== Segment start ==
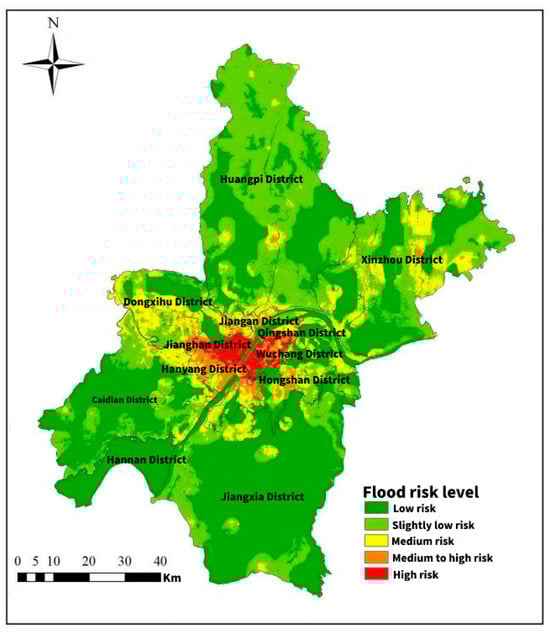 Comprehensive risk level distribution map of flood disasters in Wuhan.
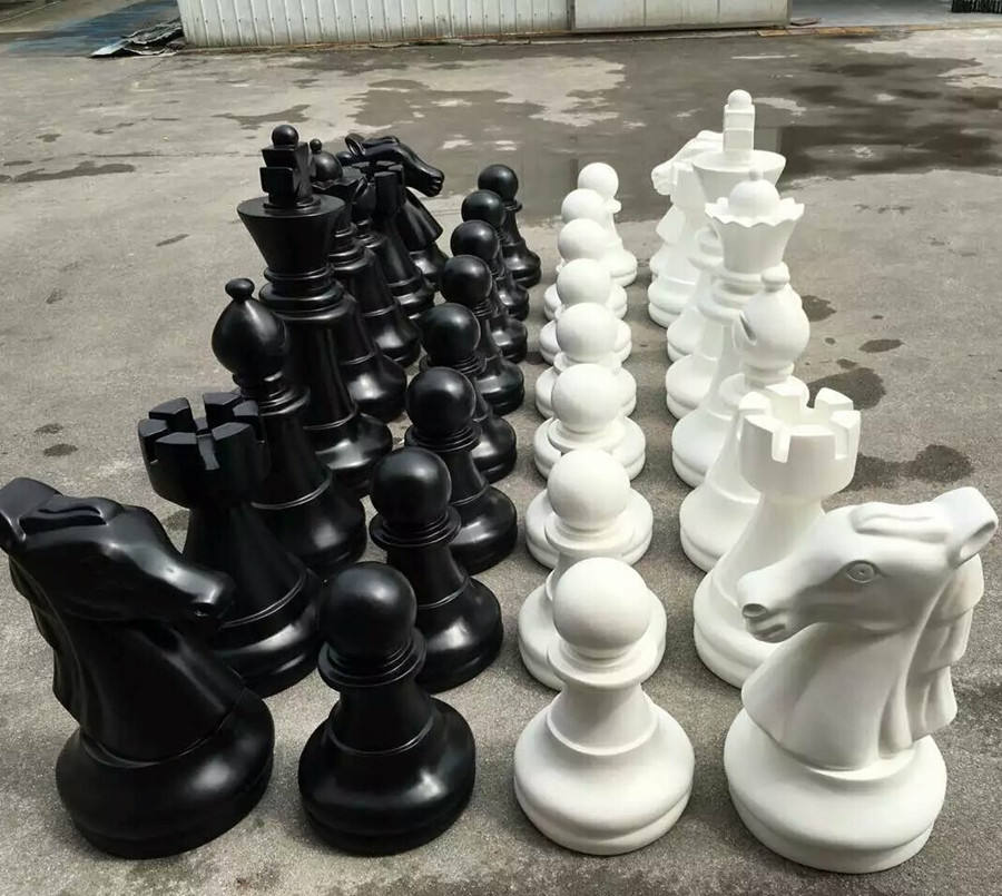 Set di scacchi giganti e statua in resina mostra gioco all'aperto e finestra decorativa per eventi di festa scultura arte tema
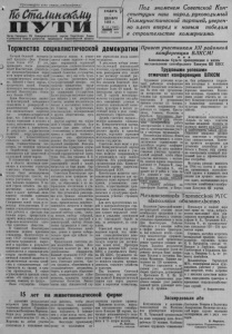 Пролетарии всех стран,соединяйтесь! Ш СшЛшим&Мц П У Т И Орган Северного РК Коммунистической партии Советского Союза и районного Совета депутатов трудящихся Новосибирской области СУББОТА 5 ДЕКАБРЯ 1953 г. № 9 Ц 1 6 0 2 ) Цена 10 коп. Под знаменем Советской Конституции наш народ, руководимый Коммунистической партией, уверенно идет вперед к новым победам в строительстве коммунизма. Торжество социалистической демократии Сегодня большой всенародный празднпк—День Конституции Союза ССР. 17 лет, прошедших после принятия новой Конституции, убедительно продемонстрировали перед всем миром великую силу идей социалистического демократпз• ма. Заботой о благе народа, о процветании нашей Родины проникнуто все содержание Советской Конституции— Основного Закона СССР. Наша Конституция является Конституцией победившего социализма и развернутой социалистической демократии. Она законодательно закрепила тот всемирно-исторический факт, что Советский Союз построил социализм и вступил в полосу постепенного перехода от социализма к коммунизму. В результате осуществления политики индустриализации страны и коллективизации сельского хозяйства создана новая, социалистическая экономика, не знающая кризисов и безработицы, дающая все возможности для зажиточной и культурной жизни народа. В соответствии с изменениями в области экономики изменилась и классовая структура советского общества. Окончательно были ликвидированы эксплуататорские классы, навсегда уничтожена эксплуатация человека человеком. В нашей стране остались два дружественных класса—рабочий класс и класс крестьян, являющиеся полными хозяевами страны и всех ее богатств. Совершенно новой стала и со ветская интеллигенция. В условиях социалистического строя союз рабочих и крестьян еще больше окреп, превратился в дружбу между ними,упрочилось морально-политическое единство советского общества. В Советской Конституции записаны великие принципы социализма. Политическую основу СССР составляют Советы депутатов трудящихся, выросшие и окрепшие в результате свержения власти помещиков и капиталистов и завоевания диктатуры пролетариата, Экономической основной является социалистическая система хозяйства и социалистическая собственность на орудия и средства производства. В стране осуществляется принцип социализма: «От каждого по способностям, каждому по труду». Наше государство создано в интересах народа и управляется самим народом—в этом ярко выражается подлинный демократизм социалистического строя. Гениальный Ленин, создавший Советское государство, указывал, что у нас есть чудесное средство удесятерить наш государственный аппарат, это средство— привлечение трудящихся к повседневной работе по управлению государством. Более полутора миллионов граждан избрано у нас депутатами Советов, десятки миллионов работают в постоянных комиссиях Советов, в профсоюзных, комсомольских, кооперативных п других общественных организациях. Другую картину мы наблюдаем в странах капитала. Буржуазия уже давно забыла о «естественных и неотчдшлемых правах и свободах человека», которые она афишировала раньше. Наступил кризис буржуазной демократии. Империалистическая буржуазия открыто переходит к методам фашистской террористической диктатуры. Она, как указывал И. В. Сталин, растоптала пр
== Segment end ==
**Task details**
Write out exactly the opening lines of the data, stopping after the line that holds "Set di scacchi". Exclude pictures.

**Solution to the exercise**
 Comprehensive risk level distribution map of flood disasters in Wuhan.
 Set di scacchi giganti e statua in resina mostra gioco all'aperto e finestra decorativa per eventi di festa scultura arte tema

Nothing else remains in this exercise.